*Directions for this task*. Begin at the line with "Симпатичные летние полосатые" and set down each line exactly until the listing ends. Images stay out.

● ● ● ●

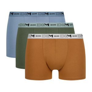 Expand your collection with the pack of 3 organic Stretch Cotton dim boxers in Grey, Blue, Black or Greige, Blue, Khaki.
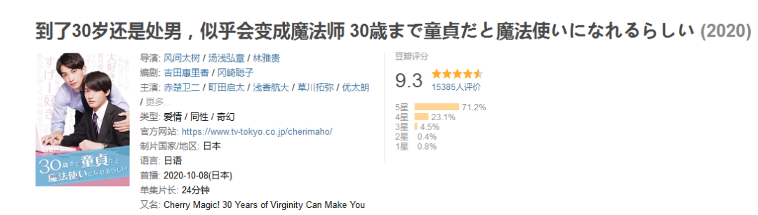 《30岁还是处男》改编自日本同名人气漫画《到了30岁还是童贞的话,好像就会变成魔法使》。
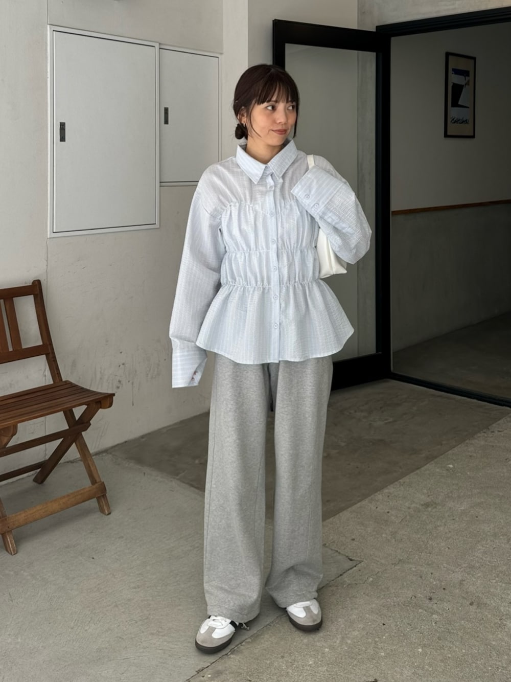 春になったらブラウス着たくなる︎~ ⠀ シャーリングデザインが今っぽで可愛すぎる♡! 甘くなりすぎんようにスウェットパンツ合わせがポイント(^_−)−☆ ⠀
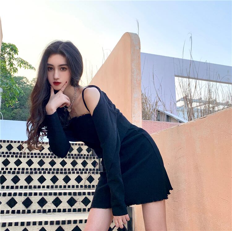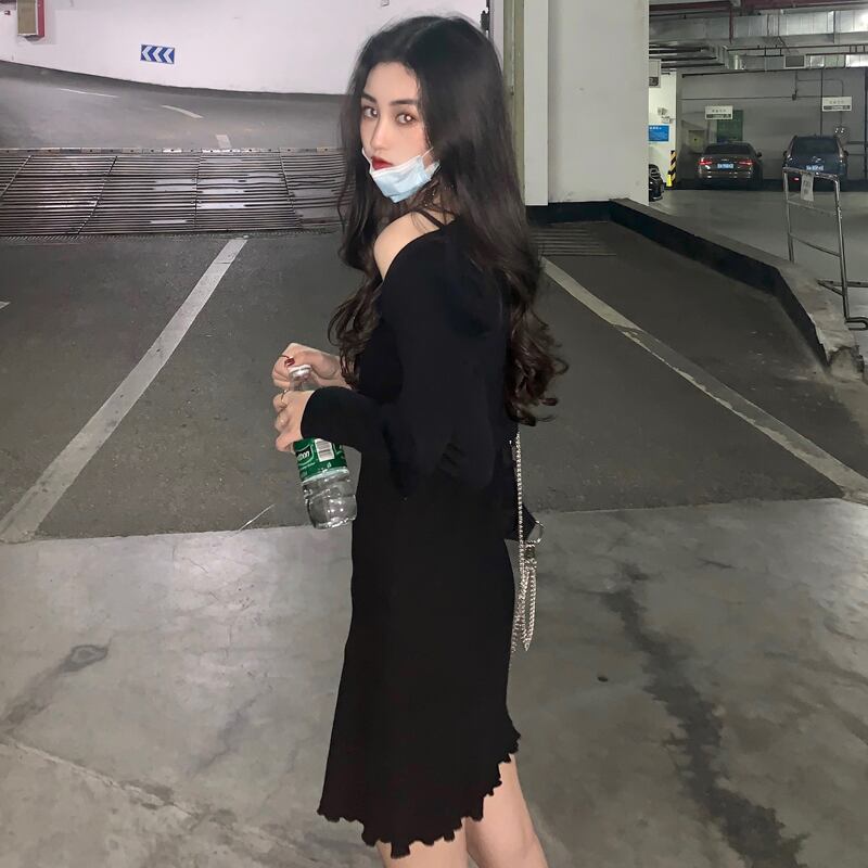 スタンダードワンピーススプリング秋物レディーススリムショートスカート ブラック レトロ 春物 オータム ワンナンバー50306284551
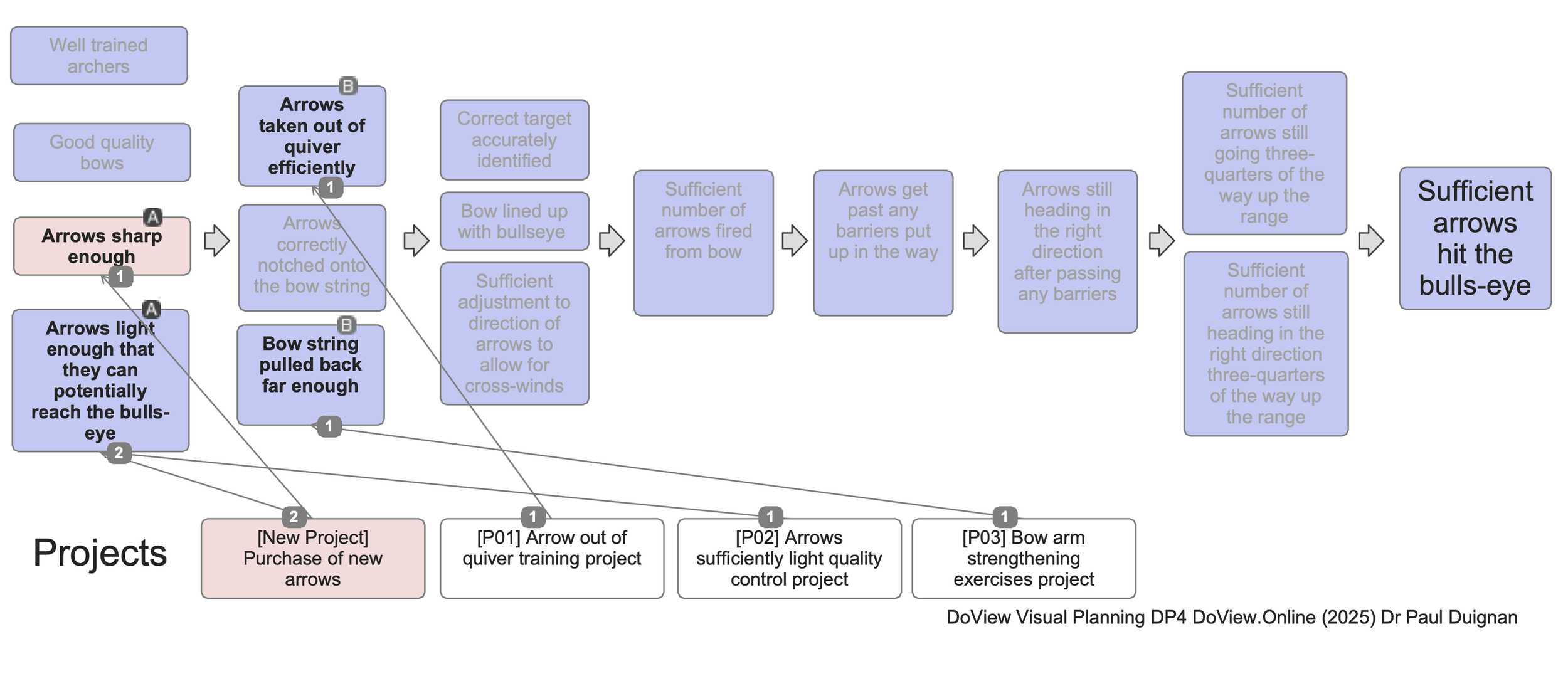 DoView diagrams are drawn according to a set of DoView Drawing Rules which detail the rules for drawing DoViews. Here is an illustrative DoView for a fictitious ‘Archery Project’. It is used on this page and in our 100+ DoView Tools to illustrate how DoView Planning is done.
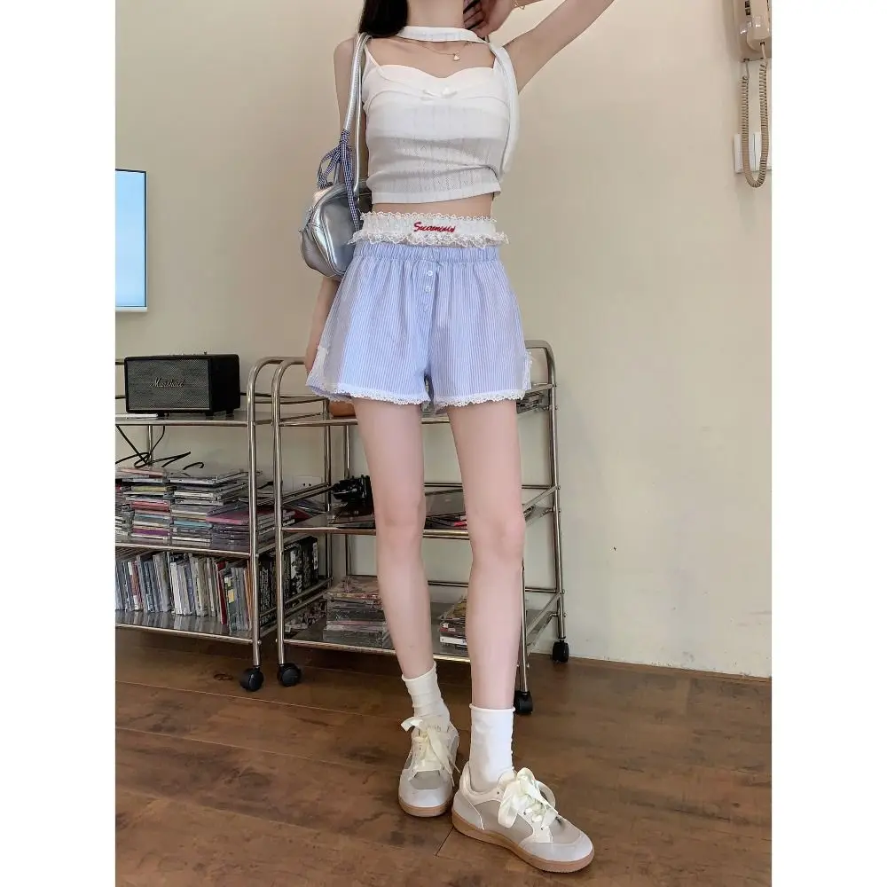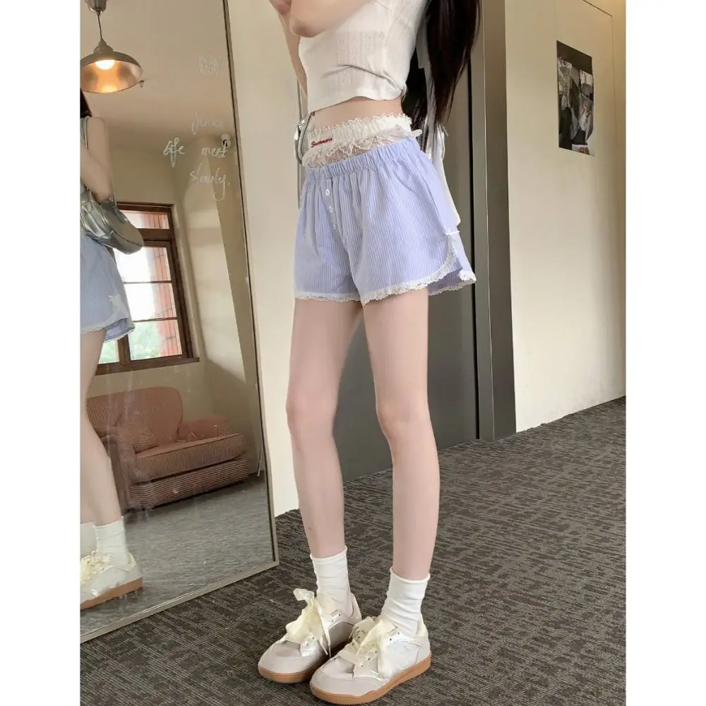 Симпатичные летние полосатые шорты на пуговицах синие розовые кружевные с - купить
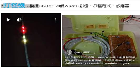 應用GBOX 工具箱---設計 TB1 打怪機 可做 4 種 Arduino基本專題製作。WS2812 彩燈模組,可以設計出小蜜蜂 1D 打怪程式,可以做遙控彩燈、聲控彩燈實驗、方便測試、專題製作、測試程式碼 定價 500 元 精簡筆記+C程式碼 ------ +購 20燈模組 +購GBOX ~LINE 洽詢
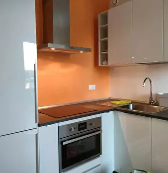 Apartment Description Modern and comfortable one-bedroom loft apartment located on the ground floor, with entrance from the private street Via Sartirana. The apartment opens into a bright and modern living room with a green sofa bed. The fully equ...
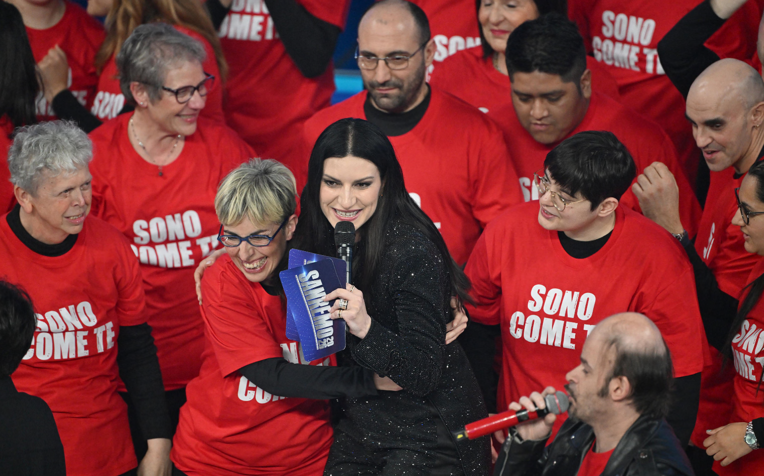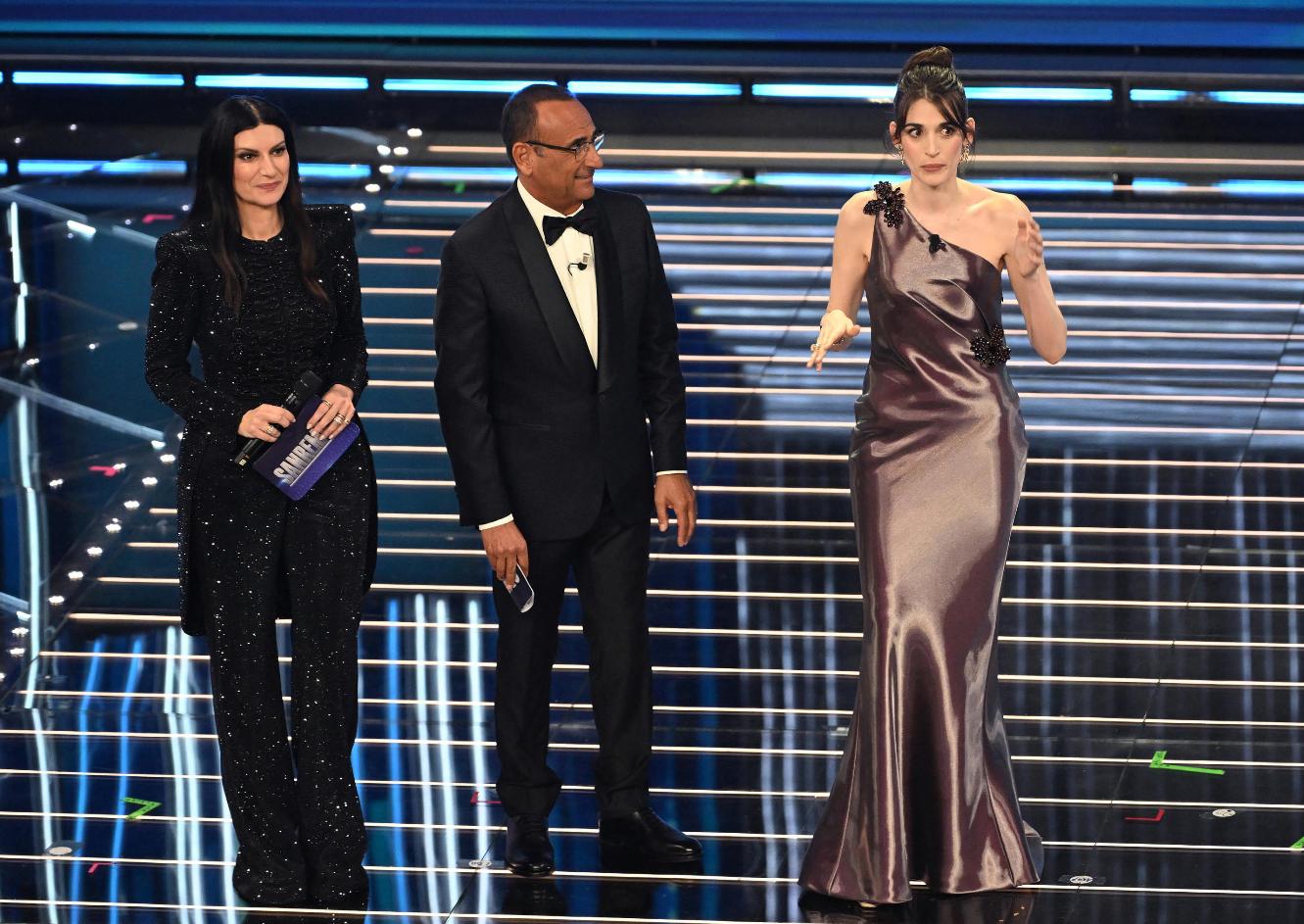 Laura Pausini apre la seconda serata del Festival di Sanremo e annuncia Carlo Conti

● ● ● ●

*The completed task*.
 Симпатичные летние полосатые шорты на пуговицах синие розовые кружевные с - купить
 應用GBOX 工具箱---設計 TB1 打怪機 可做 4 種 Arduino基本專題製作。WS2812 彩燈模組,可以設計出小蜜蜂 1D 打怪程式,可以做遙控彩燈、聲控彩燈實驗、方便測試、專題製作、測試程式碼 定價 500 元 精簡筆記+C程式碼 ------ +購 20燈模組 +購GBOX ~LINE 洽詢
 Apartment Description Modern and comfortable one-bedroom loft apartment located on the ground floor, with entrance from the private street Via Sartirana. The apartment opens into a bright and modern living room with a green sofa bed. The fully equ...
 Laura Pausini apre la seconda serata del Festival di Sanremo e annuncia Carlo Conti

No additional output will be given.